正统七年(1442年),对于四川宁番卫的许家人来说,天终于亮了。
这年头,许家的第三棒接力手许立,硬是从缅甸的死人堆里爬了出来。
他这趟回来,不光保住了脑袋,怀里还揣着一张沉甸甸的告身——副千户。
哪怕是个“副”的,也别小瞧。
这可是正儿八经的从五品武官,手底下管着一千多号弟兄。
有了这层皮,许家就不再是任人拿捏的大头兵,而是真正挤进了大明朝中层官僚的圈子。
靠着这张委任状带来的红利,许家子子孙孙把这碗饭吃了足足两百年,一直吃到满清入关。
可要是翻开许家的老底,你会发现这笔买卖做得那是相当惨烈。
为了抢到这把交椅,许家整整耗了九十年,填进去三代男人的青春和性命。
这是一场持续了近百年的阶层突围战。
把时钟拨回到1355年。
那会儿,许家的老祖宗许得胜在安徽定远投了军,把脑袋别在裤腰带上跟着朱元璋打江山。
照理说,那个年头遍地是机会,只要命大,混个开国功臣也不算稀奇。
但这世道从来就不公平,许得胜在死人堆里滚了二十多年,眼瞅着洪武朝都开张十年了,他依旧是个不起眼的大头兵。
摆在许得胜面前的路,就剩下两条:
一是认怂。
四十多岁的人了,在一群生龙活虎的小年轻堆里混日子,等着退伍或者老死拉倒。
二是再搏一把。
1378年,许得胜终于熬成了“小旗”,也就是个管十个人的班长。
这升迁速度,简直比蜗牛爬还慢。
但他没歇着,他死死盯着一个机会。
洪武十九年(1386年),机会来了。
朝廷搞了个全军大比武,名曰“併枪”。
这可不是花架子,这是大明底层丘八唯一的“翻身仗”。
赢了,加官进爵;输了,那是真刀真枪(哪怕裹了布头也能打断骨头)的肉搏。
这时候的许得胜,估摸着快五十了,满脸胡茬,一身老伤。
跟一帮二十郎当岁的小伙子拼刺刀,划算吗?
他心里的算盘打得噼里啪啦响:这会儿不拼命,这辈子就是个大头兵,儿子孙子以后还得是被人吆喝的命。
这把牌,他抓到了王炸。
靠着三十年在死人堆里摸爬滚打的经验,他硬是杀出重围,升了一级,成了“总旗”,手底下能管五十号人。
但这还不算完。
四年后,为了再往上挪一挪,他又做了一个狠决定:离开安乐窝,去最要命的地方。
洪武二十三年,他打报告从富庶的成都调往松潘——那是青藏高原的边角料,喘气都费劲,还得天天防着番人偷袭。
这是拿命去换前程。
凭着这股子狠劲,许得胜终于在咽气前爬到了“百户”的位置。
正六品,相当于现在的连长,手下管着120人。
这也是第一代人能折腾到的天花板。
许得胜两腿一蹬,难题就甩给了第二代许政。
大明的军户制度有个特别缺德的规矩:儿子接班,要么降一级袭职,要么就得去边疆吃沙子。

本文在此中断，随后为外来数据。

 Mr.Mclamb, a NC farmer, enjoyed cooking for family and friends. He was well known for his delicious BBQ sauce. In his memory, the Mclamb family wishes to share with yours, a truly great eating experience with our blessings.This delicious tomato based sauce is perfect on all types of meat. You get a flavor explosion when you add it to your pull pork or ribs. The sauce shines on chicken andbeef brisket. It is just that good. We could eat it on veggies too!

要是许政想赖在四川老家,舒坦倒是舒坦,但官帽子得缩水,变回总旗。
要想保住老爷子拿命换来的“百户”头衔,就得去更远、更苦的鬼地方。
这时候,许政面对的是个典型的资产保值难题。
是保“日子滋润”,还是保“政治本钱”?
许政选了后者。
他把牙一咬,拖家带口,一路迁到了甘肃山丹卫。
山丹卫是个什么地界?
就在张掖、武威那一带,古时候回鹘人逃难的地方,除了大漠孤烟,就剩下漫天的黄沙和马粪味。

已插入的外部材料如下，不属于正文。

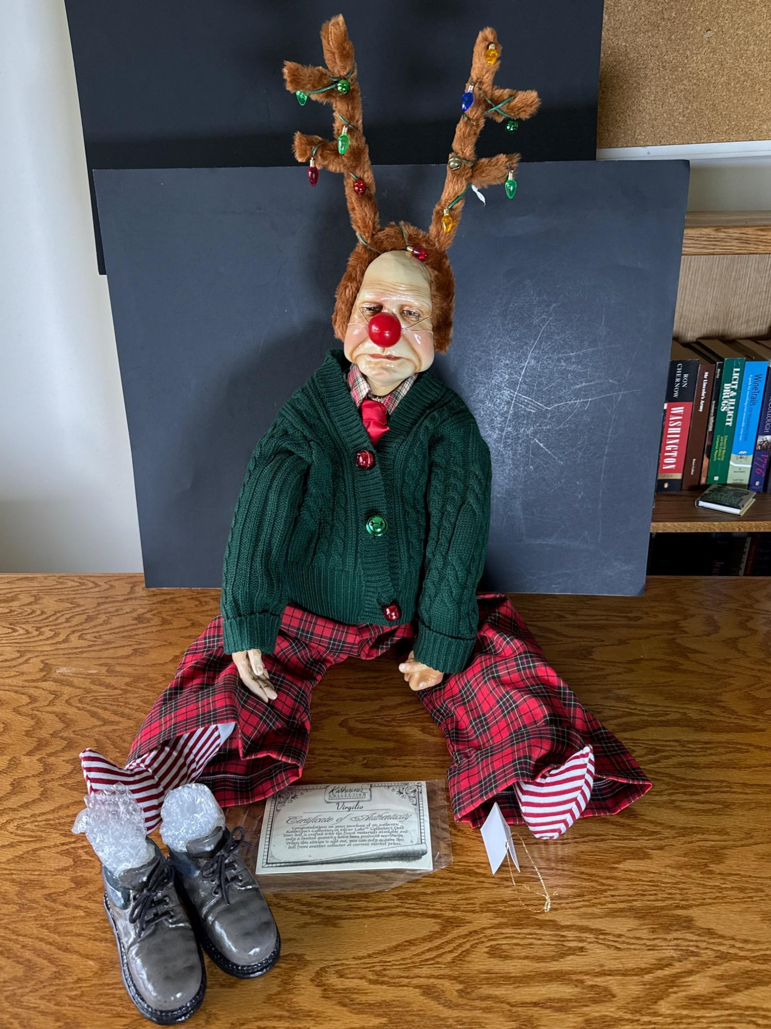 Add a touch of unique whimsy and holiday charm to your collection with "Virgilio the Clown" by Katherine’s Collection at Silver Lake. This rare, seated collector’s doll showcases the distinct craftsmanship and expressive artistry Katherine’s Collection is known for. Item Details: Name: Virgilio the Clown Brand: Katherine’s Collection at Silver Lake Edition Date: December 2004 Includes: Original Certificate of Authenticity Original collector’s box Pair of detailed realistic shoes (removable) Festive attire: plaid pants, a green knit cardigan with red/green buttons, a red tie, and whimsical striped socks Reindeer antlers adorned with tiny lights and ornaments (adds a holiday twist) Classic clown red nose (removable elastic strap) Size: Seated figure, 20" tall.

许政在甘肃耗干了一辈子,娶了媳妇生了娃,彻底活成了一个西北汉子。
他所有的牺牲,仅仅是为了让这个“百户”的级别不贬值。
这笔投资,看着像是原地踏步,其实是在给后人攒筹码。
接力棒传到第三代许立手里,日历已经翻到了宣德年间。
这时候的大明朝,开张七十多年,风调雨顺,日子过得安稳。
这对老百姓是福气,对当兵的却是噩梦——没仗打,就没军功;没军功,这官职就动不了窝。
许立又从甘肃调回了四川大凉山的宁番卫,依旧顶着个百户的帽子。
这会儿的许家,卡在了一个尴尬的“温饱坑”里。
明朝百户的待遇其实不赖:一个月5两银子外加3石米。
换算一下,差不多相当于现在的月入三四千,妥妥的小康家庭,日子过得去。
要是不出意外,许家能在这个位置上一直传下去,永远是个体面的中层,但也永远是个随时可能被上司一脚踩死的蚂蚁。
打破僵局的变量,出现在正统七年。
那是朱祁镇(也就是后来那个著名的“俘虏皇帝”)当家的日子,云南那边的麓川土司反了。
这仗打得那叫一个惨,前后折腾了四次,明军被瘴气毒死、饿死、战死的,加起来得有十几二十万。
这是个巨大的绞肉机,但也是个难得的升官梯。
朝廷下了死命令,抽调四川兵马南下。
去,还是不去?
要是不去(虽说军令如山,但总有门路能运作留守),许立完全可以继续在大凉山过他的安稳日子,老婆孩子热炕头。
要是去,等着他的是缅甸的原始丛林、热带的毒虫和凶悍的战象。
在那几十万人的伤亡名单上,多他一个名字简直太容易了。
许立心里的账,大概是这么算的:爷爷拼了一辈子,爹守了一辈子,才保住这个百户。
这会儿要是不豁出去赌一把,许家这三代人的心血,也就是个原地转圈。
他去了。
在今天的缅甸伊洛瓦底江边上,许立所在的部队跟缅甸水师撞上了。
那是一场血战,好在这次带兵的是名将蒋贵和王骥,明军算是“杀贼有功”。
许立这一把,赌赢了命运的轮盘。
他活着走了出来,手里攥着那个梦寐以求的“副千户”。
从1355年到1442年,整整87年。
许家三代爷们,一个在校场上拼老命,一个在戈壁滩上熬岁月,一个在热带丛林里赌生死。
他们扔掉了安稳,扔掉了故乡,甚至差点把命都扔了,才完成了从“大头兵”到“中级军官”的跨越。
总有人说,明朝阶级固化严重。
瞅瞅许家就明白了,这哪里是固化,简直就是一块铁板。
想在这块铁板上钻个眼儿,哪怕只是往上蹭一小步,都得拿几代人的命去填。
但这笔账,许家到底是算赢了。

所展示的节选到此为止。